Remember: someone willing to throw away a system will spend a lot of time building up the new system. Are they sure the opportunity cost is worth it?
Are you a self-service organization?
How well-developed is the self-service aspect of data usage, management, governance, and related? I.e., how much do you enable users to do things themselves? What guardrails do you put in place to help them avoid sharp edges?
We should enable users to do things themselves within reasonable and well-guardrailed paths. That takes you out of the critical path to focus on the more interesting problems. Need access to a particular data set? Systems should be in place to let the user’s management chain handle approval and give access. For example, manage access to data using roles, groups, and metadata tagging. Then, you’re not creating a new access policy for individual users; you’re reusing existing policy and providing membership to the right roles and groups the security team previously established. Then the user’s management only has to ensure membership in the right group.

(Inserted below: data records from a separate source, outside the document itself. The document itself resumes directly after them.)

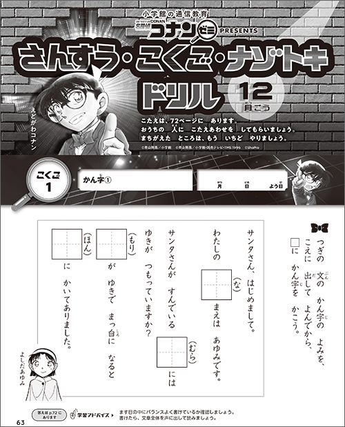 小学生の考える力を育てる通信教育「名探偵コナンゼミ」のノウハウを盛り込んだドリルページで、コツコツと学習習慣をつけよう。国語と算数とナゾトキの問題があるよ。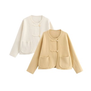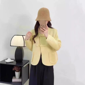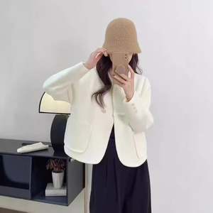 2025秋冬新款时尚短款爱心扣子针织外套女装小个子仿双面呢子大衣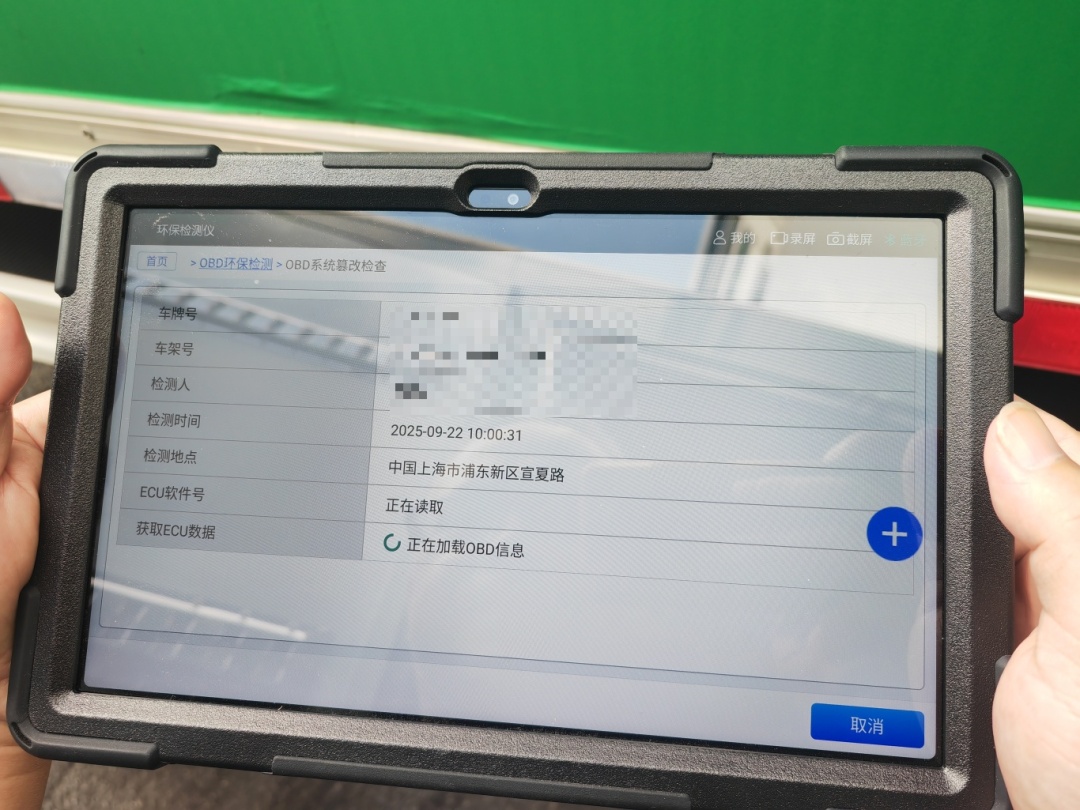 为从源头上防范柴油车上路后排放超标问题,浦东新区环境监测站(以下简称监测站)联合市减污降碳中心,针对辖区内某车辆保有量大、运营频次高的物流用车大户,专项开展重型柴油车入户检查工作。此次检查聚焦“三不、两改、一黑”问题车辆,核心依托具备数据溯源与多参数分析功能的新型OBD诊断仪,实现从“粗放排查”到“精准识别”的监管升级,为柴油车排放监管提供技术支撑。

Better yet, work with HR to automate this process, tying department hierarchies to the roles and groups that manage their data. This flow allows placing new hires into their correct data access groups from the beginning.
Solving the self-service problem allows you time for better work. Look at all the tedious, repeatable, and automatable-but-isn’t stuff. The utility work is almost always tactical. Routine. Repeatable. The same. This utility work takes away from time in the interesting problem spaces, where longer-term, strategic work moves the business forward.

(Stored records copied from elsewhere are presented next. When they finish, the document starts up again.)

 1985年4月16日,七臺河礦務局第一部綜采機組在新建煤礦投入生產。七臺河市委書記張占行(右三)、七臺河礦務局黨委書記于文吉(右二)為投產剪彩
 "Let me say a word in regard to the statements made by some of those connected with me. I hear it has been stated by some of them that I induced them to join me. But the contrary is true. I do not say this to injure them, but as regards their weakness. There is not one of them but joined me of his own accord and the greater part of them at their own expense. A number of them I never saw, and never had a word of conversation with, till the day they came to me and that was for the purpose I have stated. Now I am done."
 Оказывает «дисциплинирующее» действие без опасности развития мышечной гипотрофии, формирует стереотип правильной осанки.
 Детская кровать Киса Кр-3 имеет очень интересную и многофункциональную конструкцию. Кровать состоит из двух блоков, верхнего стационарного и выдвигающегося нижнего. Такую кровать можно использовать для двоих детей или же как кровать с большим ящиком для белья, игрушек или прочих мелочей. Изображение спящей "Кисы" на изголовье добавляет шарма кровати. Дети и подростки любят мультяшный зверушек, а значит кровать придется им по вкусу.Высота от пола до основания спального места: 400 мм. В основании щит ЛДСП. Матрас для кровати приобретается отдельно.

What’s the last big data disaster that you had, and how did you recover from it?
Every company has this in their data mythos. The Incident. The Event. That Weekend That Shall Not Be Named.
What you want to understand is how bad things may be when everything suddenly and unexpectedly goes sideways. This includes understanding how they deal with the situation. Are they calm and collected? Is there yelling? Did someone go into a closet and scream? Was there blame and finger-pointing? Hopefully, no blaming, just solutions.
Data deletion or corruption happens. Accidents happen. You want to know how they responded to this. Companies either have robust disaster recovery and business continuity plans, or they don’t. And when they don’t, they throw people at the problem and have lots and lots of manual rebuild-from-source procedures, usually while someone else is yelling because some report isn’t available to the business.
A company (or team) willing to talk about its failures is one willing to learn from those failures.
I once had to recover a multi-petabyte Hadoop cluster because someone deleted the Linux CUPS packages from the system. An extremely non-obvious dependency chain led to the Hadoop packages also getting nuked. Someone thought they were going to get fired. No worries. Accidents happen, and complexity occurs in a system. You can’t predict the behavior of every change you make. But, you can certainly learn from it and understand how to mitigate it from happening again in the future.
There are many, many more questions you can ask. Deep minutiae. Architecture. Strategy. What’s for lunch. Those are important, to be precise. You may get a vague, high-level understanding of how they connect tool A to pipeline B. You might even get a discussion of their 6-month plans. Or that Bob and Alice like SQL. But, I don’t think you’ll get profoundly resonating information here, seducing you to abandon the ship you’re on now. Especially given they will be asking you questions about your experience and interests as well.
Treat your questions as a barometer. It’s a gauge of what may be occurring under the surface. Your goal is to figure out if their problems are interesting, worth solving, worth solving by you, and not just doing the rote, undifferentiated heavy lifting that engineers should have already solved.